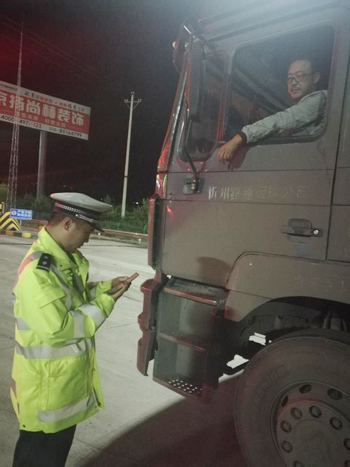 2017年6月23日晚九大隊(duì)民警在五臺山景區(qū)收費(fèi)站開展了對“酒后駕駛,涉牌涉證,客運(yùn)車輛超員,公路客運(yùn)車輛違反夜間管控規(guī)定行駛,重型半掛車不按規(guī)定車道行駛”的集中整治,大隊(duì)民警按照統(tǒng)一部署,嚴(yán)格執(zhí)法,以實(shí)際行動(dòng)確保了整治的效果。
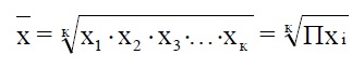 Средняя геометрическая простая (невзвешенная) опеределяется по формуле:
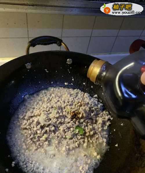 4放入肉末,加入少许生抽、盐,搅拌均匀乘出备用

--------------------

◆ Work instruction
Here the lines from the one with "Средняя геометрическая простая" through the last line of the data above need to be repeated exactly, both included, and any picture omitted.

◆ Result of the task
 Средняя геометрическая простая (невзвешенная) опеределяется по формуле:
 4放入肉末,加入少许生抽、盐,搅拌均匀乘出备用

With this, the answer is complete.